## PROBLEM:
Copy, in full, each line of the material that holds the word "Congo".
------------------------------------
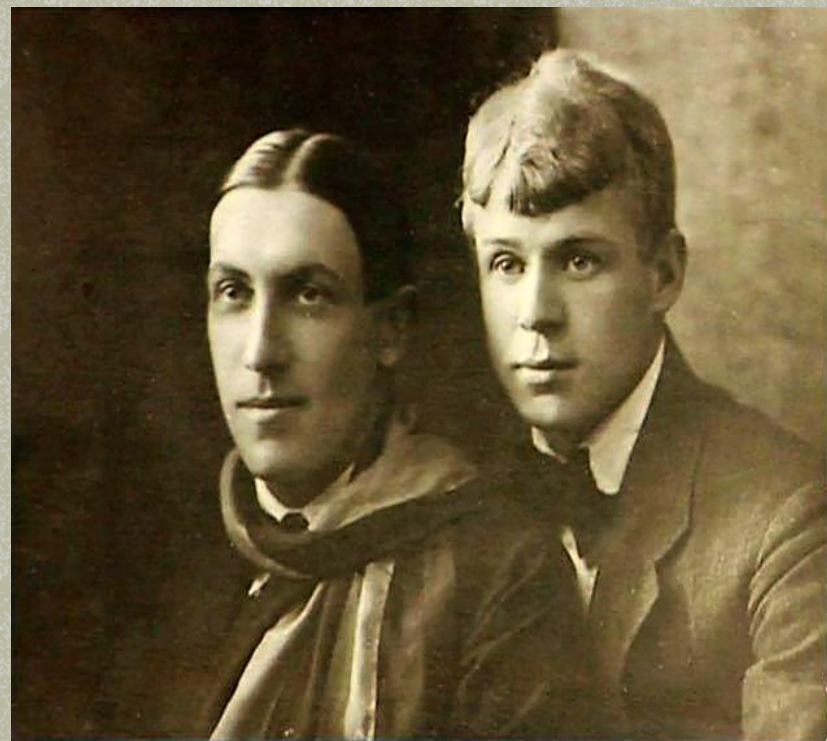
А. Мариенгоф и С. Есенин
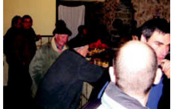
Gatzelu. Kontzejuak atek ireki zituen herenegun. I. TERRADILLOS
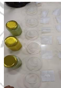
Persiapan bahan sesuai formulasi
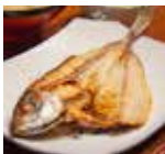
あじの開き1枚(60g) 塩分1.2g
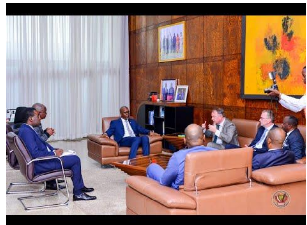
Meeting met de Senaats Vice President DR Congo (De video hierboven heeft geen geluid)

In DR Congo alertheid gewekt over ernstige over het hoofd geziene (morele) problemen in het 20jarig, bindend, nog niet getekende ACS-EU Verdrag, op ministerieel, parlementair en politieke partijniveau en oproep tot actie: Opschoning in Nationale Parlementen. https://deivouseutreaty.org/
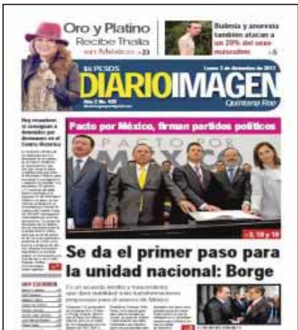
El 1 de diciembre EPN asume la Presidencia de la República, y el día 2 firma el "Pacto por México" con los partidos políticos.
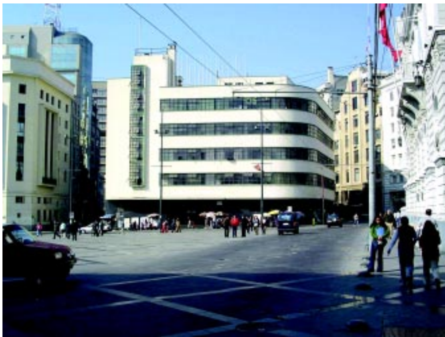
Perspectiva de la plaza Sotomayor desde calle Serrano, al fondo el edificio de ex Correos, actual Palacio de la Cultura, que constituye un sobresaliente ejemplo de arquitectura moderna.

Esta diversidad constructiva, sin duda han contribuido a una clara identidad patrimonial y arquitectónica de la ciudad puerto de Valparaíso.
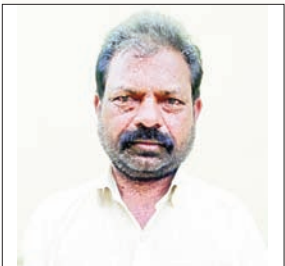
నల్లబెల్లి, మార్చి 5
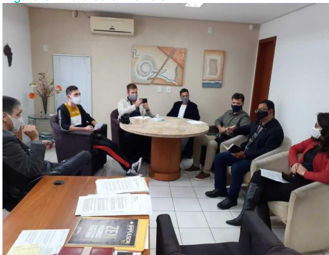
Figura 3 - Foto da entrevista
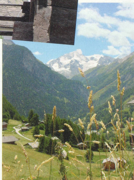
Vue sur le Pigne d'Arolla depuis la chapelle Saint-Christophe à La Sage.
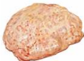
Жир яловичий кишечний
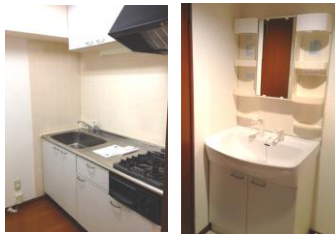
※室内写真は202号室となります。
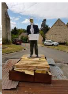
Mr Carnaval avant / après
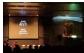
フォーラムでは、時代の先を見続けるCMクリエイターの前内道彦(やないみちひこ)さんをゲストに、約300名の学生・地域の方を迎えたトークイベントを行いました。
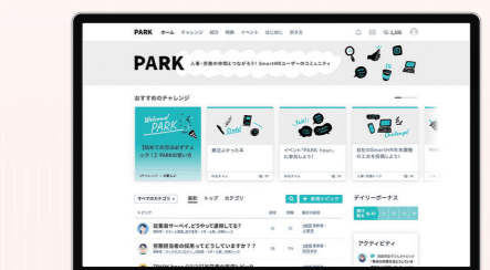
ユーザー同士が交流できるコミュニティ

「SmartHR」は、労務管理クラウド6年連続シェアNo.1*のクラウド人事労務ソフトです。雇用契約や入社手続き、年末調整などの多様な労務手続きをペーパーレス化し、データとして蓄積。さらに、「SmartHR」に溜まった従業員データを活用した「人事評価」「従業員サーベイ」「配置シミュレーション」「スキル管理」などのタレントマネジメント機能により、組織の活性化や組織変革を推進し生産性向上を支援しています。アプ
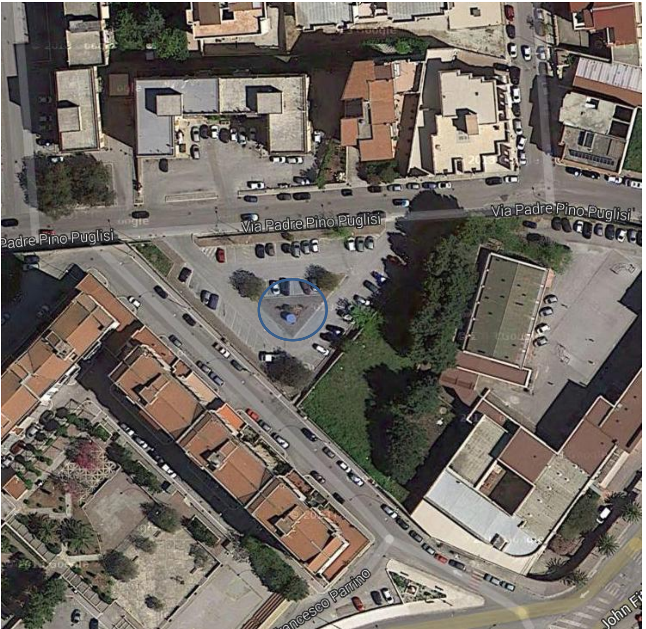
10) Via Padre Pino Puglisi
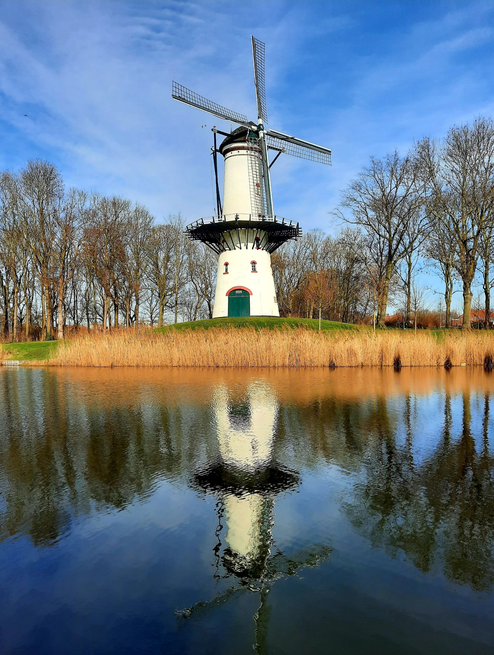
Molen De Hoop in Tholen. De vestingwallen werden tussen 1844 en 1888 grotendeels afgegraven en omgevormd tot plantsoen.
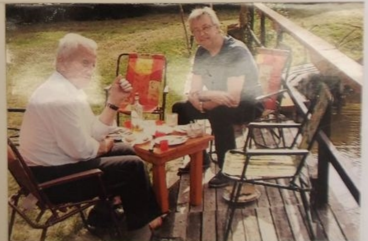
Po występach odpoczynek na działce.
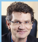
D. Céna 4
------------------------------------
## TASK OUTPUT:
Meeting met de Senaats Vice President DR Congo (De video hierboven heeft geen geluid)
In DR Congo alertheid gewekt over ernstige over het hoofd geziene (morele) problemen in het 20jarig, bindend, nog niet getekende ACS-EU Verdrag, op ministerieel, parlementair en politieke partijniveau en oproep tot actie: Opschoning in Nationale Parlementen. https://deivouseutreaty.org/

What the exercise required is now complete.